What will the stock market do tomorrow?

You probably found this article because you searched online for some variation of the headline. That’s not a bad place to start, so good job. A basic Google search offers about as much insight into the stock market’s future movements as supposedly sophisticated number crunching.

The thing is, if I knew the answer to the question in the headline, I wouldn’t make my living as a journalist. Such clairvoyance would make me very rich indeed.

If you are looking to make money in the markets, you should familiarize yourself with what economists call the efficient market hypothesis. Although there are plenty of ways to judge whether stocks seem under- or overvalued, this theory holds that prices always reflect all available information. Even if you think prices are “wrong,” it is impossible to know when they will correct themselves and settle at “fair value.”

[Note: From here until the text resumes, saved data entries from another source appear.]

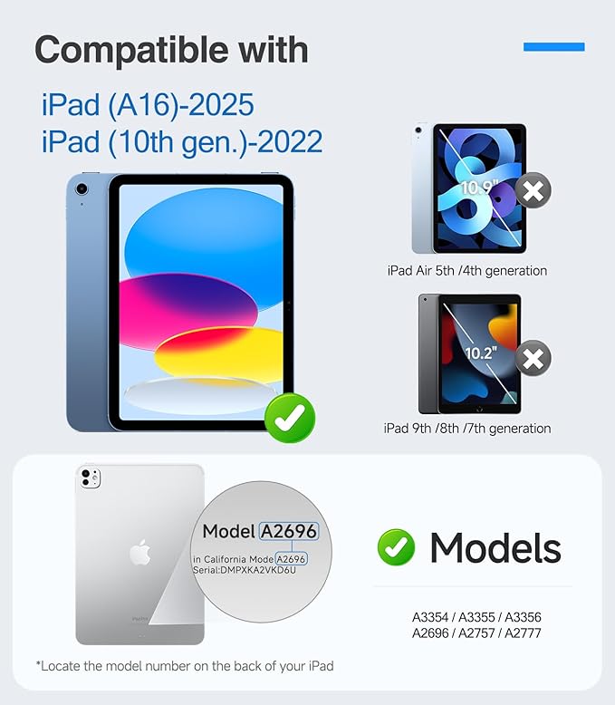 - 【Perfect Compatibility】Compatibility: Specifically compatible with iPad A16 11th gen 11inch/iPad 10th gen 10.9 Inch (2025/2022 Models), compatible with the Apple Pencil. Fit models: A3354 A3355 A3356 A2696 A2757 A2777. Please check back bottom of your device to find the model number.
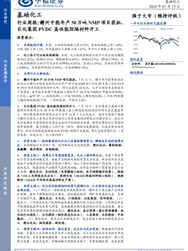【华福证券】【20240713】基础化工行业周报:赣州中能年产30万吨NMP项目获批,巨化集团PVDC高性能阻隔材料开工-23页 行业研究
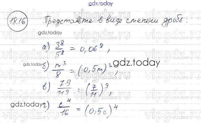 На страницах сайта gdz.today вы найдете учебный и вспомогательный материал, направленный на улучшения знаний школьной программы. ГДЗ - онлайн мир знаний § 18. Умножение и деление степеней с одинаковыми показателями Решение к главе 4 16 Задачнику по Алгебре для 7 класса Мордкович, Александрова Базовый уровень Мнемозина 2013
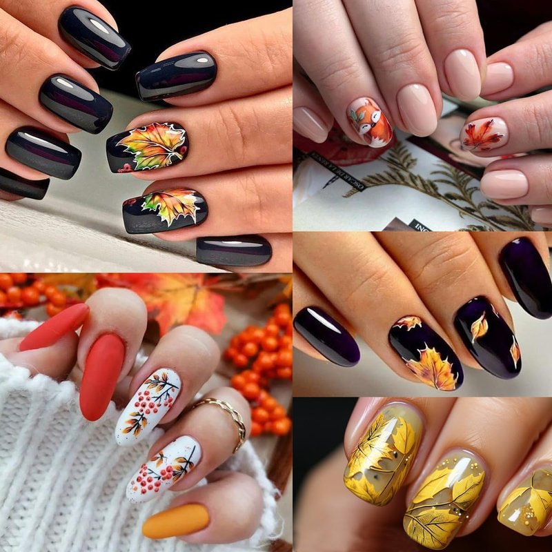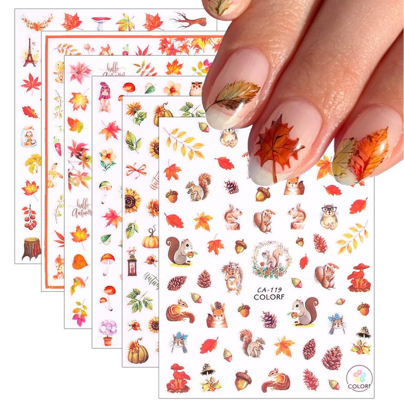 - Easy to Use:Autumn nail sticker for acrylic nail supplies is self-adhesive, easy to use. Just stick nail decals on your nails. They stay on for a long time without peeling off your nails.

A lot of smart people try to time the market, but very few succeed. The vast majority of actively managed stock funds in the US can’t outperform benchmark indexes (paywall), despite professional managers with years of experience and the whizziest systems money can buy feeding them information. Over long periods of time, it generally pays to avoid the fees charged by fancy fund managers and simply park your money in cheap, broad-based index funds.

Let’s say, for argument’s sake, that you think stocks are overvalued and due for a fall. Even if you’re right, timing the correction is a fool’s errand. You can look for clues, though, in the prices of derivatives on stocks, which are based on how risky investors think the stock market will be in the future.

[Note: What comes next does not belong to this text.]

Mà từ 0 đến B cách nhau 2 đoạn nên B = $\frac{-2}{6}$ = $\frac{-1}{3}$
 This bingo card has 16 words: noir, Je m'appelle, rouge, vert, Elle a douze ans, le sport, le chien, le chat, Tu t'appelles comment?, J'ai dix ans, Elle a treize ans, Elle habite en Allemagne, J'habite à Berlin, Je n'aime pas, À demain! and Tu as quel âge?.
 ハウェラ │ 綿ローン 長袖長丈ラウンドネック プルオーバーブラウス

The VIX index tracks the implied volatility of the US stock market, based on SP 500 options. This won’t tell you what the stock market will do tomorrow, but it can give you some indication of the range stocks are expected to move around in (both up and down). But remember that derivative traders don’t know that much more about the future than you do. Often, they base their expectations for volatility on the past, which is not always a good indicator of the future.

If you are hoping for higher returns over the long term, you should stick with index funds, but go for ones that are weighted toward riskier stocks, like small companies or firms in emerging markets. Generally, the riskier a stock is, the more you can expect it to grow over time. But this comes at a price: higher volatility means that there is also a greater chance that your portfolio will be worth less tomorrow than today.

Generally speaking, there is only one way to beat the market, and that’s take on more risk. If this makes you nervous, then the best advice is to invest in broad market index funds, fight the urge to trade, and get on with your life.